When asking for menu modifications, it makes more sense to go for a simple switch. Sure, you might wind up with a salad of some kind, but you have to be realistic about what a restaurant can serve you at a moment’s notice. Most establishments have tested their menu options over and over to make sure everything is just right, and asking the kitchen to swap out several ingredients in one go is frustrating, especially if you’re dining at peak hours and didn’t give the establishment any advance notice.
You may have to give up your dream of magically enjoying a gluten-free and vegan version of a lobster roll, but most restaurants will be happy to suggest an alternative item on the menu. And again, calling ahead can be the perfect way to ensure that a chef has a special dish for you to enjoy when you get to dinner.
4. Be specific
Waiting on dozens of tables a night and juggling multiple special requests can be challenging for even the most seasoned waitstaff. When asking your server about menu substitutes or alerting them to your special dietary needs, let them know exactly what you’re thinking. For instance, if you’re watching your saturated fat, say something specific, like, “I’m looking for an entree that can be cooked with oil instead of butter, because I need to watch my saturated fat.” Or, if you want something vegan, specify that you’re looking for a meal prepared without meat, fish, or dairy. Some people just honestly aren’t sure what falls under the umbrella of a certain special diet, so letting your server know the details up front can save you both a lot of time as they help you navigate the menu.
5. Don’t be embarrassed
You shouldn’t be embarrassed about asking for a menu modification. You are paying an establishment to eat its food, and you shouldn’t get stuck paying for a meal you just can’t eat. Food allergies and intolerances are serious medical issues, and you are doing yourself and everyone involved a favor by being politely honest about your needs.

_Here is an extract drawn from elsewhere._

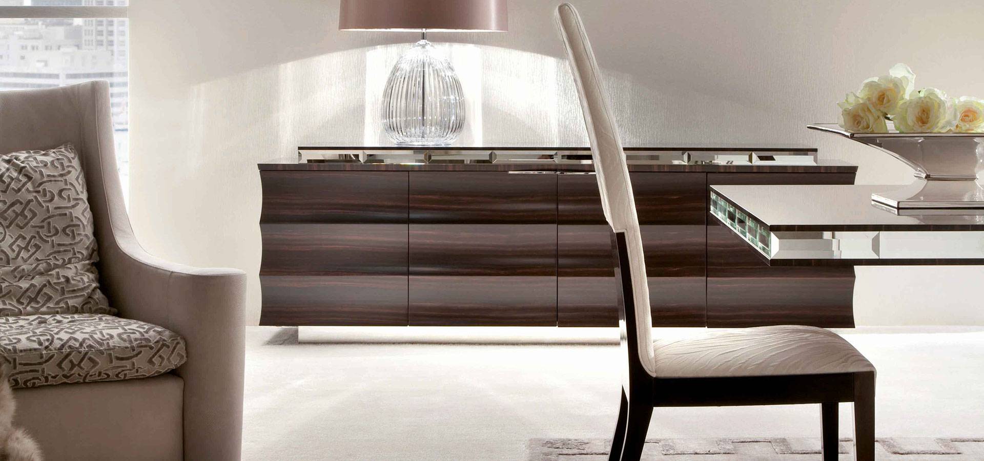 4 door buffet with satin finish makassar ebony veneer. The two center doors have a led light system with sensors. Top features beveled mirror inserts on the borders and a chrome stainless steel top inlay.

Other health considerations, like low-fat or low-calorie options are also legitimate, and food choices based on moral grounds deserve to be respected too. What and how we eat is deeply personal, and standing up for your needs in a group setting can be nerve-wracking. But even if your dining companions are wink-wink nudge-nudging each over your special requests, you should feel confident that you are doing what you need to make the right decision for your body and mind.
Still nervous? I’ll repeat it one more time – call ahead and explain your situation to someone at the restaurant, and he or she usually will be more than happy to work with you to create a wonderful dining experience. And if the restaurant seems less than willing to accommodate you? You can feel good about bringing your business elsewhere.